Optimistic payout in BitVM implementations like Citrea?

I should preface all this by saying I am pretty enthusiastic about this technology in general; I’m asking, here, whether one specific detail is wrong.

Been doing some investigation of Citrea as part of generally researching the L2 designs clustered around BitVM. This one is particularly interesting for the obvious reason that it is already live on mainnet!

It seems to have fleshed out basically all the parts of the BitVM2, “BitVM core” designs. But in reading the Clementine whitepaper (Clementine is the business end of what they’re building; the “Bitcoin bridge” part), I was struck by Section 8. They write:

In this section, we discuss some features and optimizations of Clementine. Optimistic Payout. The protocol we described above guarantees that any peg out is completed even if all Signers are offline and all but one are malicious. However, if all Signers are honest and online, they have some time (in Clementine, it is ≃ 1 hour) to sign an issue a user’s peg out by posting an OptimisticPayout transaction. This transaction resembles the Payout transaction, with only two differences:(i) it spends the output of the MoveToVault transaction, so that the funds given to the user do not come from the Operator, and (ii) there is no OP RETURN output. If no OptimisticPayout transaction appears on-chain within some time, the peg out request is picked up by the Operator and the Clementine continue as described in Section 5. To enable the optimistic payout, Signers must not erase their keys, making the protocol secure against a non-adaptive adversary.

This made me take notice; wait, so you have a complex BitVM style exit proof with a claim/challenge protocol etc., to avoid trust - but you can also get out with a vanilla transaction signed by all the signing committee [1] (they’re called “verifiers” in the codebase)?
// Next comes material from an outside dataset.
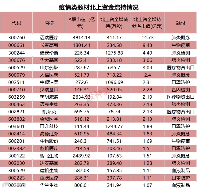 北向资金方面,按照成交均价粗略计算,12月以来疫情类题材股合计获得北上资金增持55.5亿元。21股获得北上资金增持超亿元,分别包括迈瑞医疗、长春高新、迪安诊断、华大基因、人福医药、迈克生物等。迈瑞医疗获增持金额最高,达到14.7亿元,该股月内涨幅超15%,目前市值为4780亿。

From one angle such a facility makes sense: you are trusting 1 of n honesty of the signing committee in setup, so 1 of n honesty should also guarantee that the same signing committee doesn’t sign malicious exits. But that’s bad reasoning from almost every other angle:

• BitVM-and-friends’ use of a signing committee is strictly the covenant emulation part: co-signing at setup only, and key deletion immediately after. If we had covenant functionality in Bitcoin, obviously even this step wouldn’t be used, as it’s an unpleasant extra “feature”.
• If the same signers (even with different keys, as here) are also trusted to co-sign optimistic exits live, you might think “no big deal, I don’t have to trust them, I’ll use the trustless exit, even if it’s slower”
• But no! The property a user wants is not only “I can get out with a valid request” but also “no one else can get out invalidly”! If others can get signatures on exits to arbitrary destinations, they can steal all the funds on the L2
• Even if technically you can restrict it so that exits have to go to user-defined destinations at setup (arguably, doesn’t make sense, operators are exiting), that still wouldn’t fix it; if a user currently holding 0 cBTC can exit with 10 cBTC, you get an unbacked L2 and a bank run scenario via the operators. Details depend on technicals, but the general principle is kinda clear enough.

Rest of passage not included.